How to complete this task »
Stop at the line containing "Representation of a": repeat exactly every line of the entries below from the first up to it, plus that line, with pictures omitted.
======== Materials provided ========
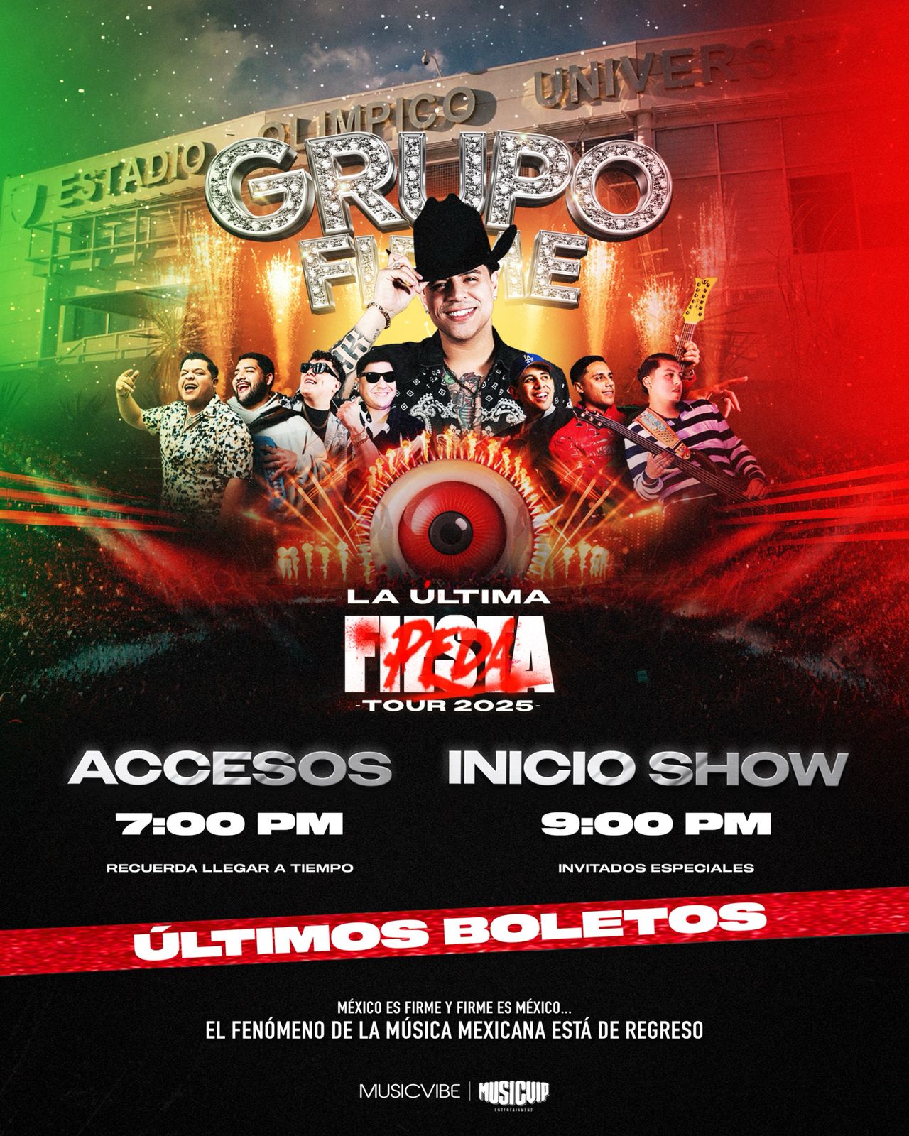 Grupo Firme, la banda que ha revolucionado la música regional mexicana, se presentará en Chihuahua este sábado 26 de abril de 2025, en el Estadio Olímpico Universitario, como parte de su exitosa gira La Última Peda Tour. Este evento promete ser una de las celebraciones más memorables del año, con un espectáculo lleno de energía, música en vivo y una producción de primer nivel
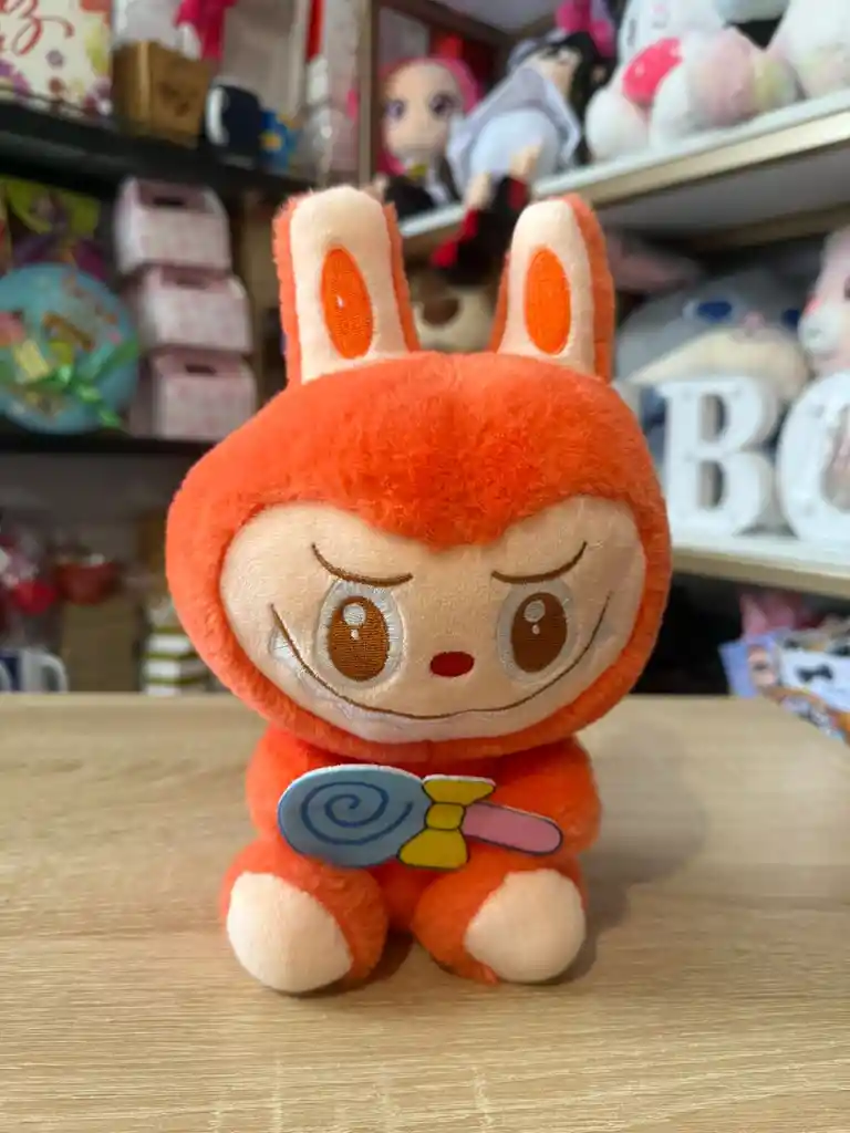 Peluche de conejo color naranja vibrante con textura rizada. Rostro bordado con ojos grandes color miel, nariz roja y una amplia sonrisa. Sostiene una paleta de dulce (lollipop) de fieltro color azul con moño amarillo. Orejas largas con interior naranja brillante. Felpa rizada de poliéster, detalles en fieltro y relleno de algodón sintético.
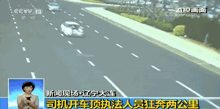 近日,执法人员在辽宁大连机场附近的高架桥进行日常稽查,一驾驶员为躲避检查猛踩油门,竟然顶着执法人员狂飙两公里。
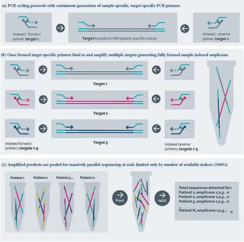 Representation of a typical multiplex RC-PCR for generating amplicon libraries for downstream analysis by Illumina next generation sequencing. Multiple targets are amplified and dual indexed in a single closed tube reaction. Target specific primer generation occurs in the first and subsequent rounds with target amplification and amplicon generation occurring in the second and  subsequent rounds of thermal cycling.
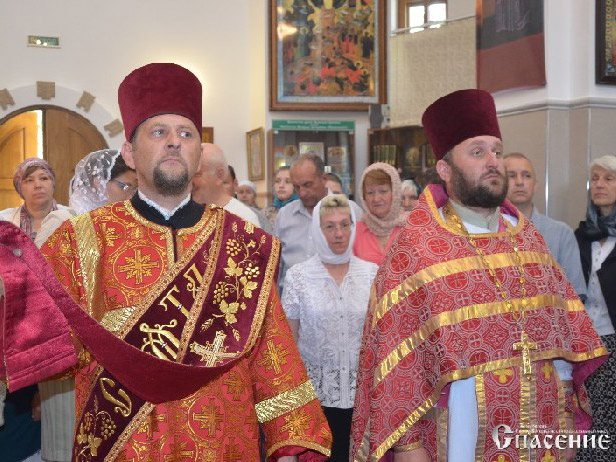 Его Преосвященству сослужили: почётный настоятель Свято-Воскресенского кафедрального собора в г. Борисове митрофорный протоиерей Иоанн Мисеюк, митрофорный протоиерей Владимир Башкиров, настоятель храма в честь святого благоверного князя Димитрия Донского иерей Сергий Башкиров, настоятель храма Воздвижения Креста Господня в д. Загорье Борисовского района иерей Иоанн Миронович, протодиакон Свято-Воскресенского кафедрального собора Георгий Росляков.
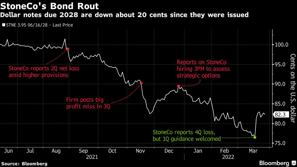 The poor bond performance also reflects some of StoneCo’s own challenges — it halted lending to small and middle-sized companies in October after a bad experience and its adjusted net income fell 79% in 2021. Meanwhile, its main competitor Cielo SA, owned by Bradesco and Banco do Brasil SA, reported a 98% increase in net income.
========
Written reply »
 Grupo Firme, la banda que ha revolucionado la música regional mexicana, se presentará en Chihuahua este sábado 26 de abril de 2025, en el Estadio Olímpico Universitario, como parte de su exitosa gira La Última Peda Tour. Este evento promete ser una de las celebraciones más memorables del año, con un espectáculo lleno de energía, música en vivo y una producción de primer nivel
 Peluche de conejo color naranja vibrante con textura rizada. Rostro bordado con ojos grandes color miel, nariz roja y una amplia sonrisa. Sostiene una paleta de dulce (lollipop) de fieltro color azul con moño amarillo. Orejas largas con interior naranja brillante. Felpa rizada de poliéster, detalles en fieltro y relleno de algodón sintético.
 近日,执法人员在辽宁大连机场附近的高架桥进行日常稽查,一驾驶员为躲避检查猛踩油门,竟然顶着执法人员狂飙两公里。
 Representation of a typical multiplex RC-PCR for generating amplicon libraries for downstream analysis by Illumina next generation sequencing. Multiple targets are amplified and dual indexed in a single closed tube reaction. Target specific primer generation occurs in the first and subsequent rounds with target amplification and amplicon generation occurring in the second and  subsequent rounds of thermal cycling.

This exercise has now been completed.